In workshop, I was also introduced to the work of Jayne Anne Philipps, who blew me away for how she wove poetic techniques into her fiction. Reading her work flipped a switch in my mind and helped expand my understanding of what fiction “can” or “should” do. I’ve come to believe that it’s important for artists to innovate, to challenge and push beyond preconceived boundaries in their work. I think innovation happens by artists being voracious and incorporating not just what they read or see in an art gallery, for instance, but incorporating ALL aspects of life—what they experience, imagine, what they question, lines from an ad on the side of a bus, a funny IKEA drawing, anything and everything—and bringing them all to bear in their work.
Originally, Brown Girls started out as a short story for Elissa's workshop. Up until then, I’d only written short stories—I love the short story form; it’s a form that helped me believe I could pursue fiction in the first place—and I didn’t view Brown Girls as different. However, for the rest of Elissa’s class, and for my workshop with the equally fantastic and life-altering Paul Beatty after, I kept writing pages, and the piece grew longer, so I shifted into calling it a “novella.” I envisioned including it in the story collection I was working on. But, for the year after I graduated the MFA, I kept working on “the novella,” until, startlingly, it dawned on me that, Oh, I might have a novel.
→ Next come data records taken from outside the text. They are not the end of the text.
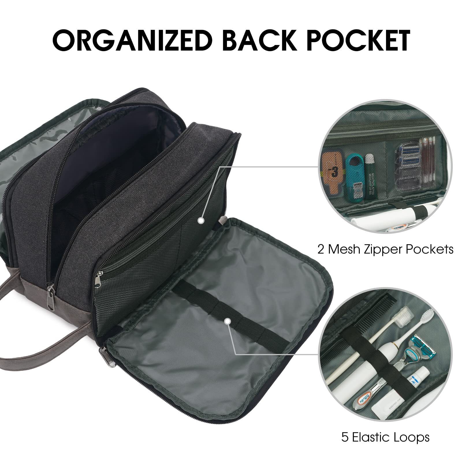 Travel Toiletry Bag for Men Large Toiletries Shaving Bag Water Resistant Hanging Dopp Kit Travel Accessories Bag for Women Men (Black) Dry and Wet Separation: The travel toiletry bag features a specialized pocket to keep wet items like toiletries and towels separate from dry ones, ensuring organized and mess-free packing. Spacious Main Compartment: Measuring 9.85.16.3 inches, this toiletry bag offers ample space for all your travel essentials. It comfortably accommodates full-sized items like toothpaste, face wash, mouthwash, lotion, shampoo, and razors. The bag includes five internal mesh pockets for upright storage of bottles and other items. Full-Access Design: The full-open design allows for easy access to all your items. It includes five elastic straps perfect for securing toothbrushes, razors, toothpaste, and electric nail clippers. Additionally, two mesh zipper pockets provide storage for small items such as cotton swabs, masks, and power cords. Premium Quality: Made from durable, water-resistant canvas and PU leather, this toiletry bag is built to last. The sturdy construction ensures the bag maintains its shape, while the leather handle makes it easy to carry or hang. The soft fabric adds an extra layer of comfort during travel. Versatile and Multi-Functional: Ideal for short trips, business travel, or everyday use, this bag functions as a toiletry bag, shaving kit, makeup bag, and travel kit. It's a thoughtful gift for family, friends, or colleagues, combining practicality with style. Shipping We ship within Three business days of payment, usually sooner. Some delivery times are longer than normal due to increased demand. We use a selection of shipping services such as UPS, FedEx, USPS etc. We only ship to the lower 48 states, no APO/FPO addresses or PO Boxes allowed. Local pickups and combined shipping options are not provided at this time. Return You can return a product for up to 30 days from the date you purchased it. Any product you return must be in the same condition you received it and in the original packaging. Please keep the receipt. Payment We accept payment by any of the following methods: PayPal Please pay as soon as possible after winning an auction, as that will allow us to post your item to you sooner! Feedback Customer satisfaction is very important to us. If you have any problem with your order, please contact us and we will do our best to make you satisfied. Contact Us If you have any queries, please contact us via ebay. We usually respond within 24 hours on weekdays. Thank you for shopping at our store.
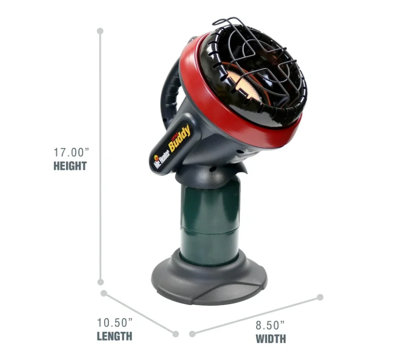 About this item Radiant propane heater in a portable, indoor safe design 3,800 BTUs heats up to 95 square feet by Mr. Heater Tip over safety shut off switch and low oxygen safety shut off sensor Runs 5.6 hours on standard 1 lb propane cylinder
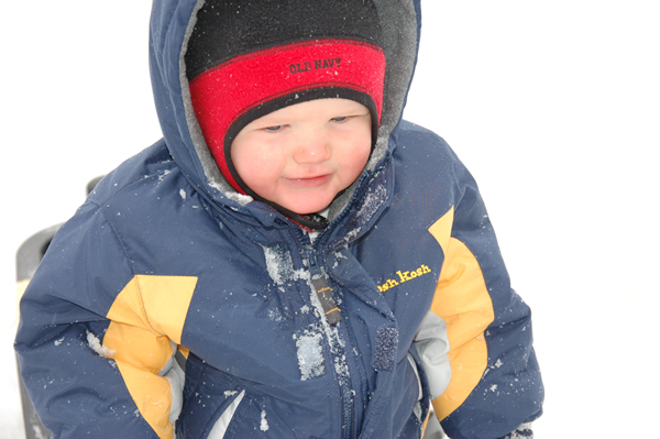 Big thanks to Sarah B. for scoring sleds and snow boots for us to use — it wasn’t easy for new parents to find these high-demand items in the Triangle yesterday, but she came through for us.
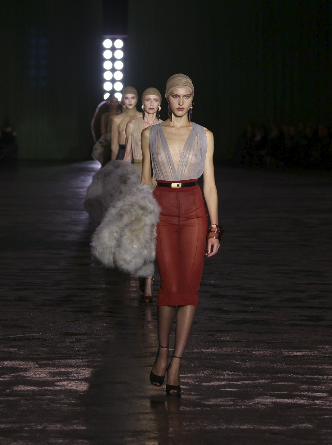 Εστιάζοντας σε ημιδιαφανείς σιλουέτες που αποδίδονται σε άπειρες εκδοχές, ο Vaccarello επένδυσε σε στενά μεταξωτά φορέματα που θύμιζαν νεγκλιζέ αποκάλυπταν και κάλυπταν ταυτόχρονα το σώμα. Τα two pieces και τα διάφανα φορέματα έφταναν σε μήκος κάτω από το γόνατο και επεκτείνονται σε μακριά μανίκια, ντύνοντας θαρρείς το σώμα με μια υφασμάτινη αύρα.
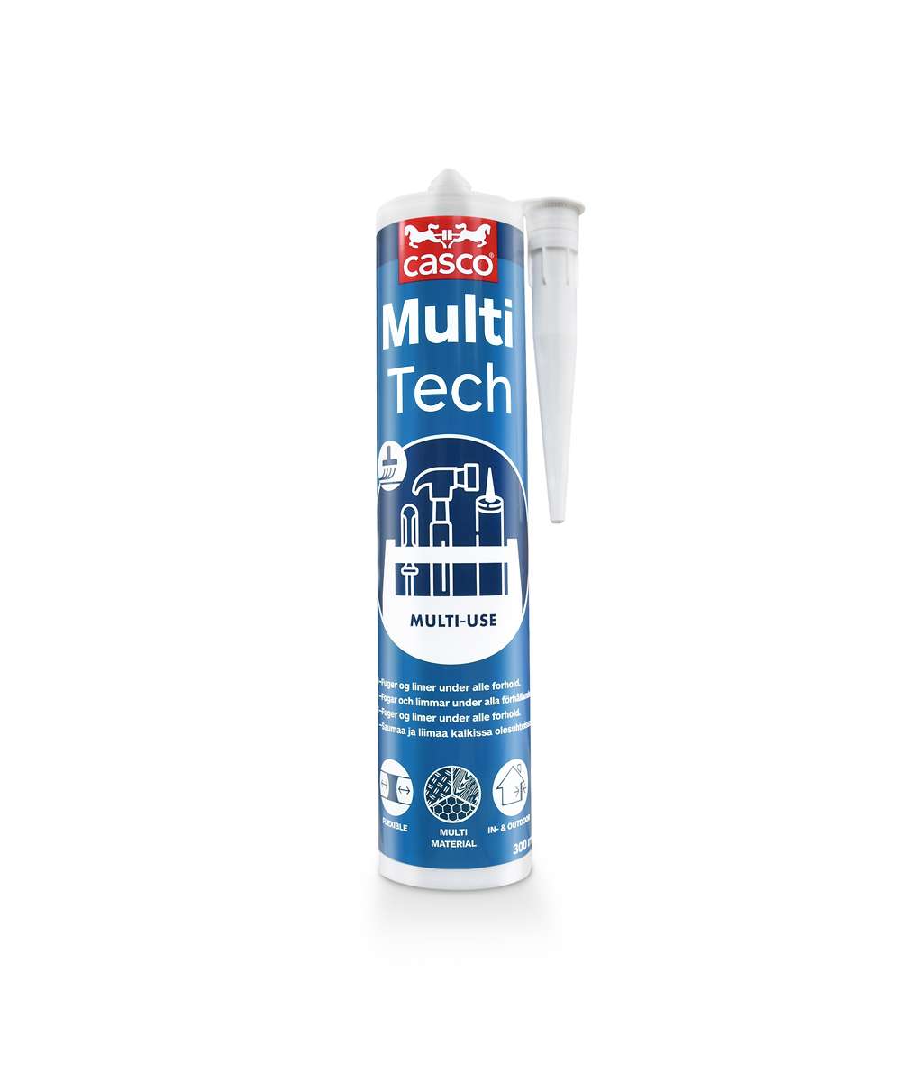 PRODUKTBESKRIVNING Casco® MultiTech ett en-komponent allround lim och fogmassa med brett användningsområde och god vidhäftning mot de flesta underlag. ANVÄNDNING Casco® MultiTech kan användas för fogning, tätning nåtning samt limning och fyllning i eller runt: ▪ Golv ▪ Väggar ▪ Dörrar ▪ Fönster ▪ Tak ▪ Våtrum ▪ Kök ▪ Tvättstuga Casco® MultiTech kan användas på många olika underlag. Casco® MultiTech kan användas som lim och fog och nåtning på fritidsbåtar. Casco® MultiTech kan användas både inom- och utomhus.
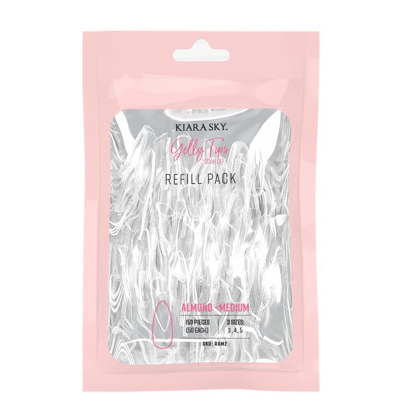 Kiara Sky Gelly Tips Refill Packs - Soak Off Soft Gels - Almond Shape (Medium Length) (Sizes 3, 4, 5)
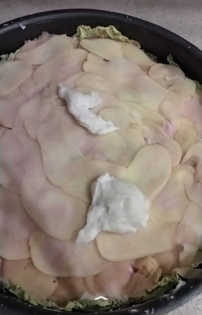 Maak het geheel af met een laagje dunne aardappelschijfjes, druk aan om het oppervlak gelijk te maken.
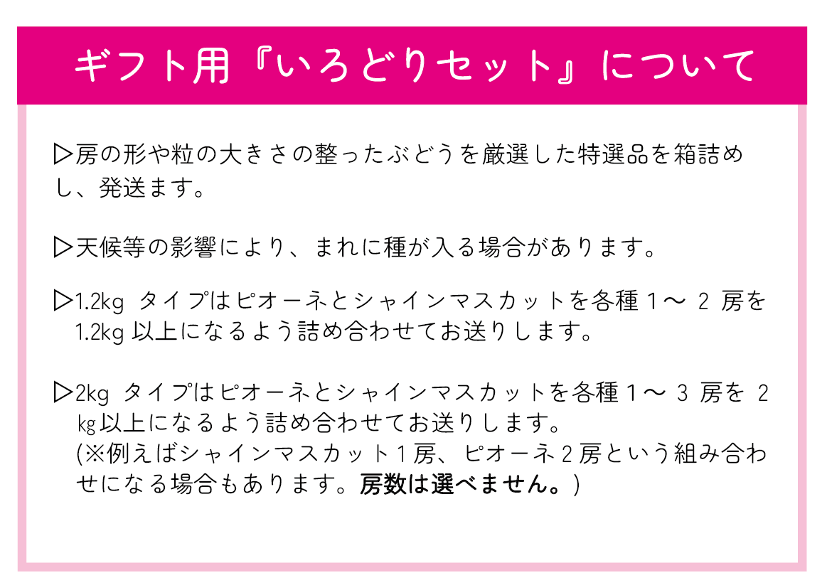 1.2㎏セット…シャインマスカットとピオーネ各種1~2房を1.2㎏以上になるように詰め合わせます。
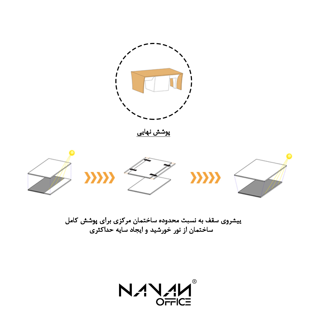 * پیشروی سقف به نسبت محدوده ساختمان مرکزی برای پوشش کامل ساختمان از نور خورشید و ایجاد سایه حداکثری.
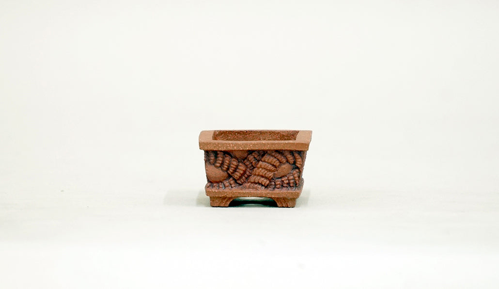 Kob(コブ)。タイで活動する男性作家です。自身が育てる小さな盆栽のためにミニ鉢を作りはじめ、鉢の専業作家になりました。ジュエリーデザイナーからの転身です。精緻な彫り込みによる独創的なデザイン、美しい形が特徴です。
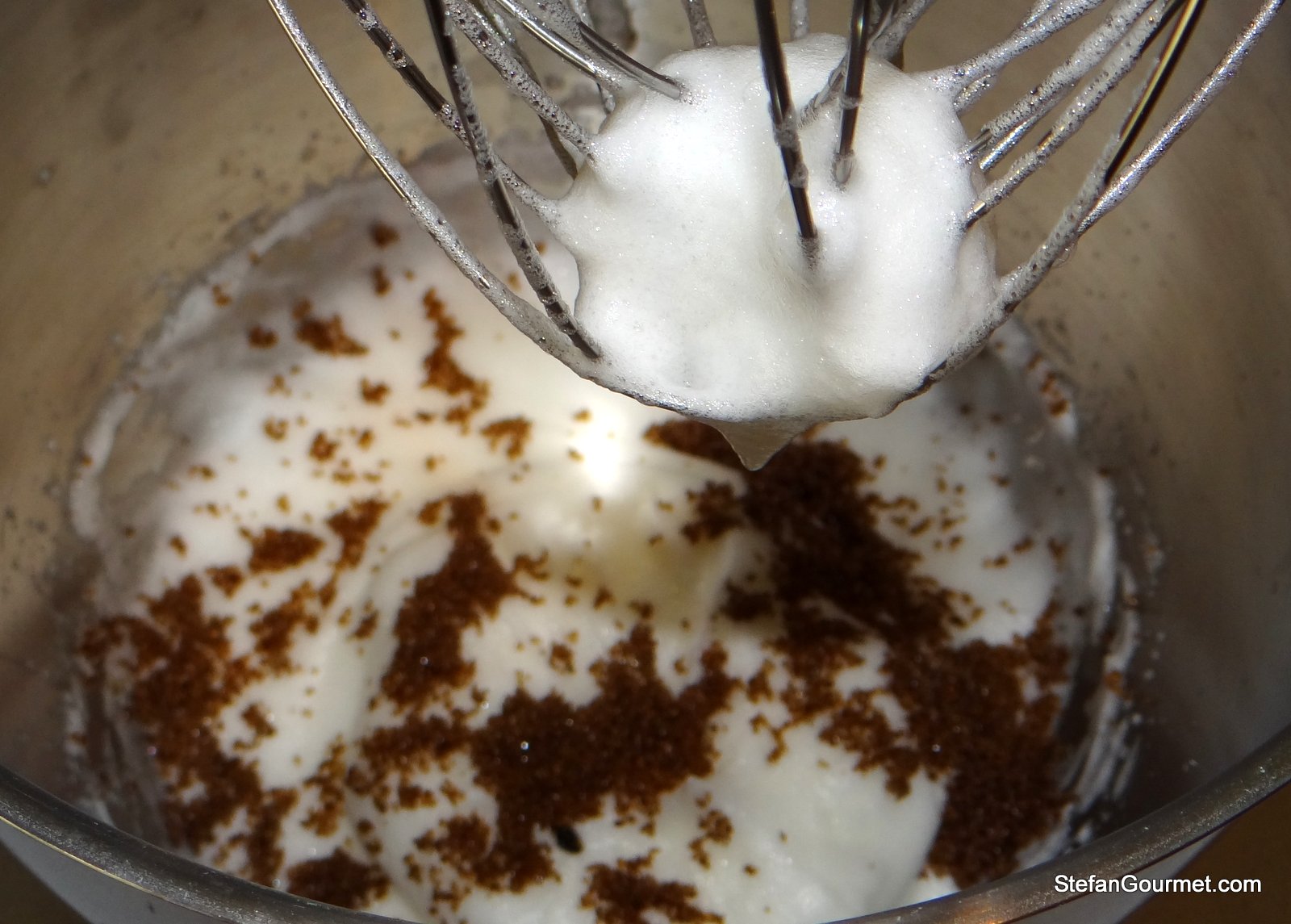 Continue to whisk until the ‘soft peaks’ stage. This means that when you extract the beaters, you will see peaks that will sag a little rather than be firm and upright.

I don’t remember who said this, but it holds true: 'A story is as long as it needs to be.'"
Daphne Palasi Andreades was awarded the 2018 Henfield Prize and a Creative Writing Teaching Fellowship while at Columbia University. Her work has received support from institutions such as the Bread Loaf Writers' Conference, the Sewanee Writers' Conference, Martha's Vineyard Institute for Creative Writing, where she won the 2018 Voice of Color Prize, and other honors. Her fiction explores diaspora, immigration, and the far-reaching effects of colonialism and imperialism. She currently lives in Brooklyn.